Given material:

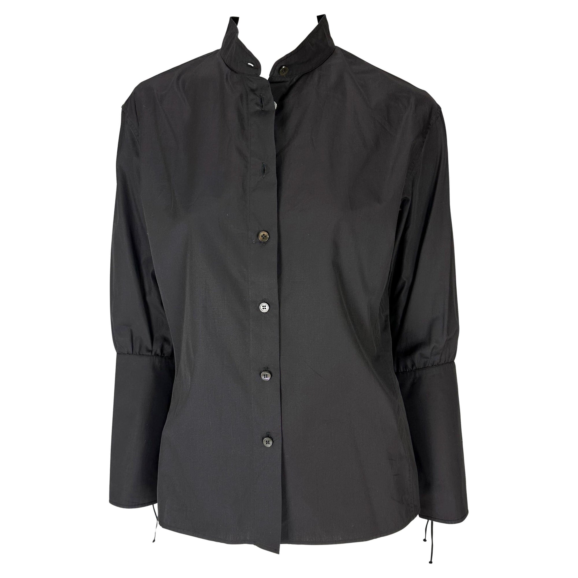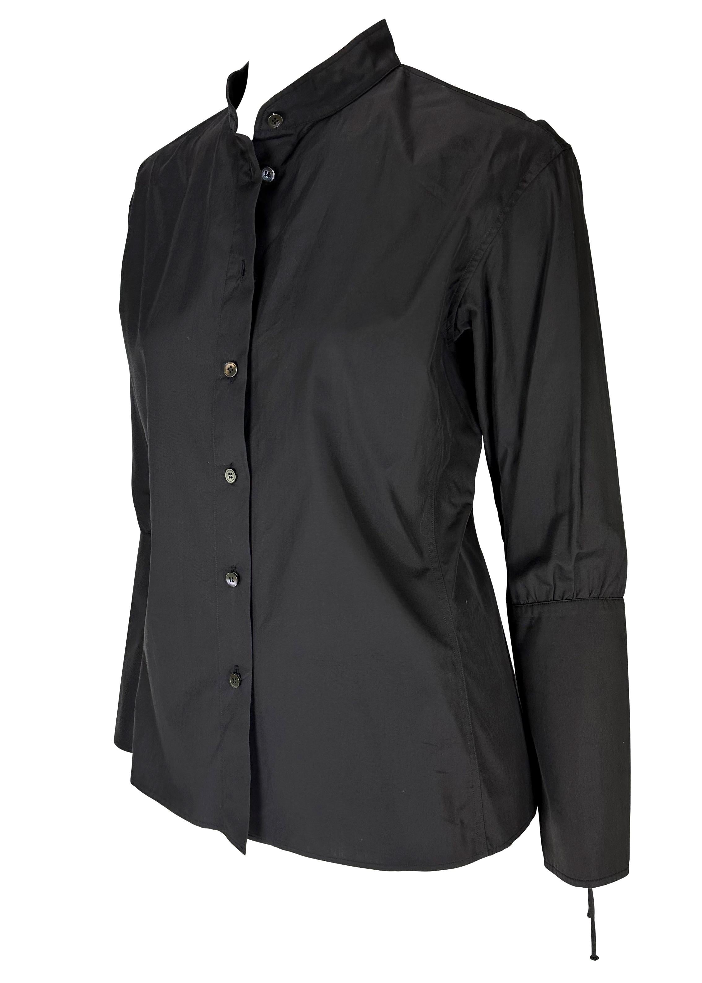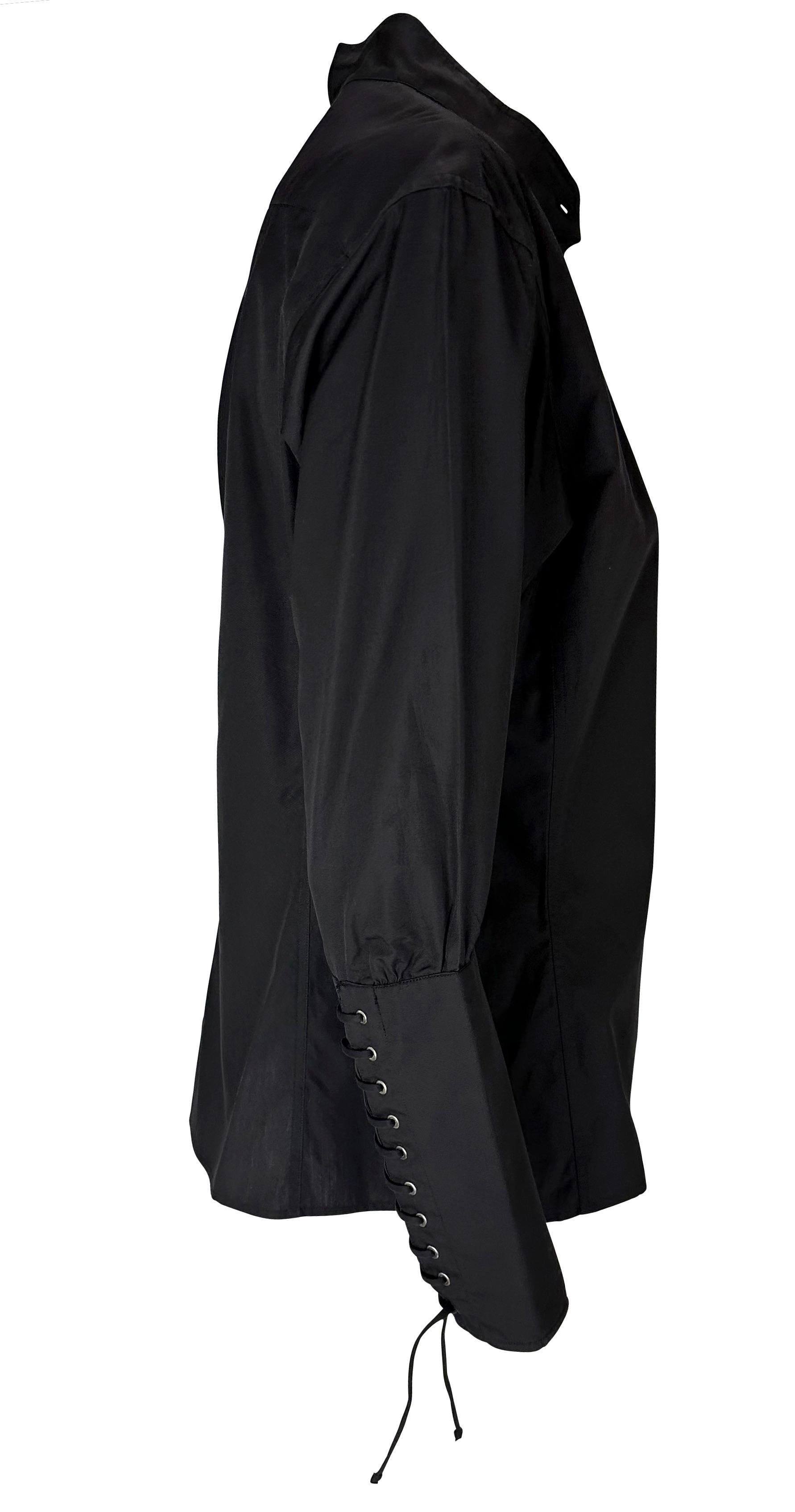 F/W 2001 Yves Saint Laurent by Tom Ford Lace-Up Cuff Black Button-Up Blouse
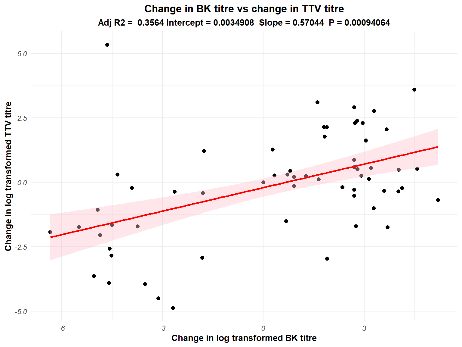 Result: The log-transformed mean TTV titre at the 4 time points were 5.02 (2.07), 5.52 (1.74), 6.23 (2.14) and 4.56 (1.27) respectively. In the multivariable model, log-transformed BK virus titre increased by 0.25 for every 1 ng/mL increase in tacrolimus concentration (p 0.0008). However, every 1 log rise in TTV titre led to 0.57 (0.17) log copies increase in BKV titre (p 0.0009), once adjusted for tacrolimus concentration. The relationship between tacrolimus and BKV became statistically insignificant when TTV titre was added as a predictor variable. This implies that TTV titre is a more sensitive predictor of BK viral load than tacrolimus concentration. Although statistically significant, all changes in antiproliferative or prednisolone dose were unable to predict linear changes in BKV titres. 5 patients who lost their graft in the mean follow up of 2.8 years had significantly low TTV titres (p< 0.05) at baseline, indicating suboptimum IS burden. In this small cohort, there was no relationship between TTV titres and rejections (n=5) or de novo DSA (n=3). An ongoing adequately powered prospective study will address these questions more decisively.
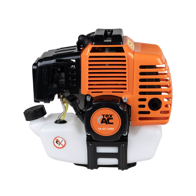 Мотокоса ТехАС TA-GT-2400 призначена для скошування трави, бур'яну за допомогою волосіні або ножа. У мотокоси встановлений двотактний бензиновий мотор об'ємом 43см³, який розвиває швидкість обертання валу на холостих обертах 3000-6000об/хв. Залежно від встановленого оснащення змінюється ширина покосу, при використанні котушки ширина скосу трави становить 420мм, а ножа 250мм.

Task requirements: Down to the final line, restate the material above word for word, but omit its pictures.

Response to the task:
 F/W 2001 Yves Saint Laurent by Tom Ford Lace-Up Cuff Black Button-Up Blouse
 Result: The log-transformed mean TTV titre at the 4 time points were 5.02 (2.07), 5.52 (1.74), 6.23 (2.14) and 4.56 (1.27) respectively. In the multivariable model, log-transformed BK virus titre increased by 0.25 for every 1 ng/mL increase in tacrolimus concentration (p 0.0008). However, every 1 log rise in TTV titre led to 0.57 (0.17) log copies increase in BKV titre (p 0.0009), once adjusted for tacrolimus concentration. The relationship between tacrolimus and BKV became statistically insignificant when TTV titre was added as a predictor variable. This implies that TTV titre is a more sensitive predictor of BK viral load than tacrolimus concentration. Although statistically significant, all changes in antiproliferative or prednisolone dose were unable to predict linear changes in BKV titres. 5 patients who lost their graft in the mean follow up of 2.8 years had significantly low TTV titres (p< 0.05) at baseline, indicating suboptimum IS burden. In this small cohort, there was no relationship between TTV titres and rejections (n=5) or de novo DSA (n=3). An ongoing adequately powered prospective study will address these questions more decisively.
 Мотокоса ТехАС TA-GT-2400 призначена для скошування трави, бур'яну за допомогою волосіні або ножа. У мотокоси встановлений двотактний бензиновий мотор об'ємом 43см³, який розвиває швидкість обертання валу на холостих обертах 3000-6000об/хв. Залежно від встановленого оснащення змінюється ширина покосу, при використанні котушки ширина скосу трави становить 420мм, а ножа 250мм.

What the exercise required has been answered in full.